Ok, I’m a sucker for provocative headlines. So when I saw a link to a Huffington Post piece called “What French Women Can Teach Us About Sex and Love,” of course I opened it.

The author gives a few rather mundane observations about flirting, romance, the non-importance of marriage. But, for me, there was one rather interesting factoid mentioned – data from a 2008 study which found that 90 percent of French women over the age of 50 are sexually active, as compared to an estimated 60 percent of American women. Now, this didn’t just get my attention because I’m a woman over 50. It was interesting because it told me that more MEN over the age of 50 are also having sex in France than in the U.S., and made me ask why that might be?

The answer to that question must lie in one very important difference between the French and Americans. Largely, French men (and, of course, women) are having sex with intact genitals, while the vast majority of American adult men (probably around 80 million, to be specific) are missing the most sensitive part of their penis – the prepuce, or foreskin.

In addition to the intuitively obvious (that having a body part removed would mean you’re missing, at minimum, the sensation and function of that body part), scientific data is starting to show long-term sexual consequences from removing this highly sensitive tissue from boys’ genitals. Both circumcised men and their female partners report higher levels of sexual dysfunction, less sensitivity, and less satisfaction.

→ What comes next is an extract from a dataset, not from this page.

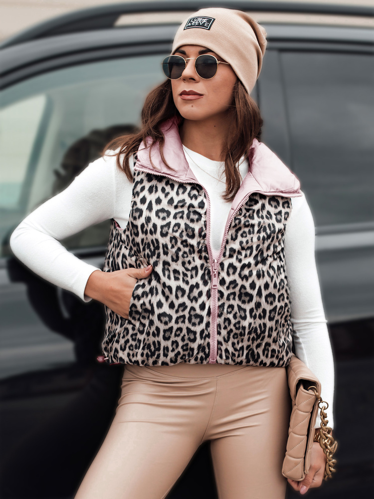 Kamizelka damska krótka pikowana dwustronna LEOVELLA ty5492 różowa
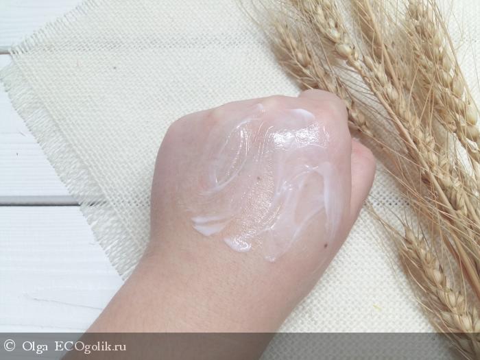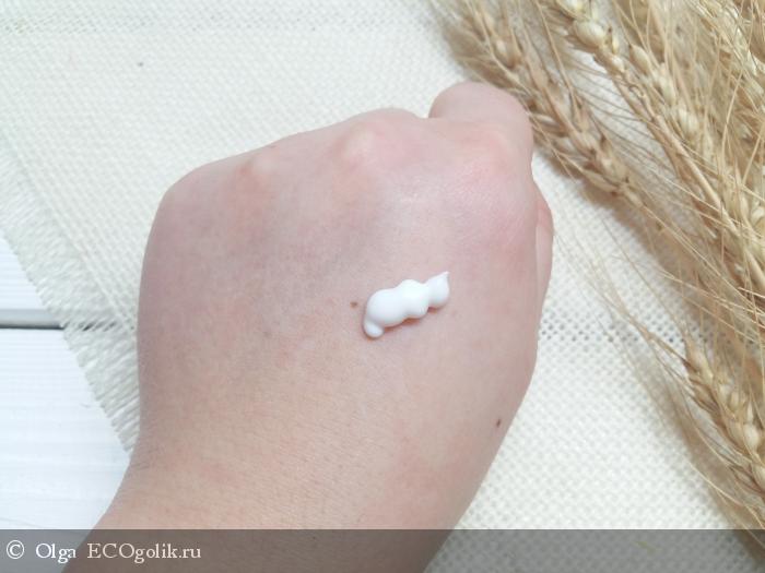 Сам крем белого цвета, очень нежной, легкой консистенции, довольно маслянистый.

This should not surprise us. We have absolutely no problem accepting that women whose genitals have been mutilated will experience sexual pain or ongoing trauma, or that their male partners might find sex with such women to be less enjoyable. Yet many Americans continue to resist the clear parallels when it comes to male circumcision. This is particularly ironic, given that historically and across cultures one of the main rationales for cutting off a boy’s prepuce was to reduce his sexual pleasure, whether self-administered through masturbation (thought in Victorian times to be the root of all evil), or through intercourse. Moses Maimonides, the Jewish Medieval philosopher and physician, indeed cited the diminution of pleasure as an explicit benefit of male circumcision:

“The fact that circumcision weakens the faculty of sexual excitement and sometimes perhaps diminishes the pleasure is indubitable. For if at birth this member has been made to bleed and has had its covering taken away from it, it must indubitably be weakened.” – Moses Maimonides, Jewish Medieval philosopher and physician

So after reading about French romance, French foreplay, and who takes the initiative in French lovemaking, here’s my take:

The most important thing the French – men and women – can teach Americans about love and sex is to leave our children with the bodies that nature intended them to have.

Georganne Chapin

Author

16 Comments

  • painspeaks

    August 24, 2013 4:30 pm
  • Sara

    August 24, 2013 5:30 pm

    While the article and the corresponding book are merely a commercialization of a cultural stereotype, the statistics speak for themselves. I’d be interested to know these same statistics in other European countries (the anglo saxon ones being the most appropriate for the sake of cultural similarity).

  • Gianluca

    August 25, 2013 1:04 am

    I agree that circumcision can lead to sexual dysfunction. However, in America there is another problem: obesity and overweight. Studies seem to have found a link between obesity and sexual dysfunction in both men and women:

    http://onlinelibrary.wiley.com/doi/10.1038/oby.2012.104/abstract

    But circumcision definitely adds to the problems associated with sedentary life style. This was shown by a recent study performed in Belgium.

  • Sigismond

    August 25, 2013 7:12 am

    “The second consequence of that absence or protection (circumcision), progressive impotence – in varying degrees – is insidious; it reveals itself in the very long run only. It is much more frequent with the circumcised (Foley J. The unkindest cut of all. Fact magazine 1966; 3 (4): 2-9. http://www.cirp.org/news/1966.07_Foley, Glover E. The “screening” function of traumatic memories. International journal of psychoanalysis 1929; X: 90-93. http://www.cirp.org/library/psych/glover, Goldman R. The psychological impact of circumcision. BJU int 1999; 83 (suppl. 1): 93-103. http://www.cirp.org/library/psych/goldman1). Cases are thus numerous in the United States: 52% of the 1 290 random selected subjects of a study, aged between 40 and 7049. The success of Viagra in the United States (46% of the world consumption for 5% of the population) and its relative failure in Europe, have no other explanation. We can predict that it will easily be sold to wealthy Africans and Muslims.” excerpt from “Feminine and masculine sexual mutilation, the greatest crime against humanity” (http://www.academia.edu/2095540/Feminine_and_masculine_sexual_mutilation_the_greatest_crime_against_humanity_updated_08.25.2013_)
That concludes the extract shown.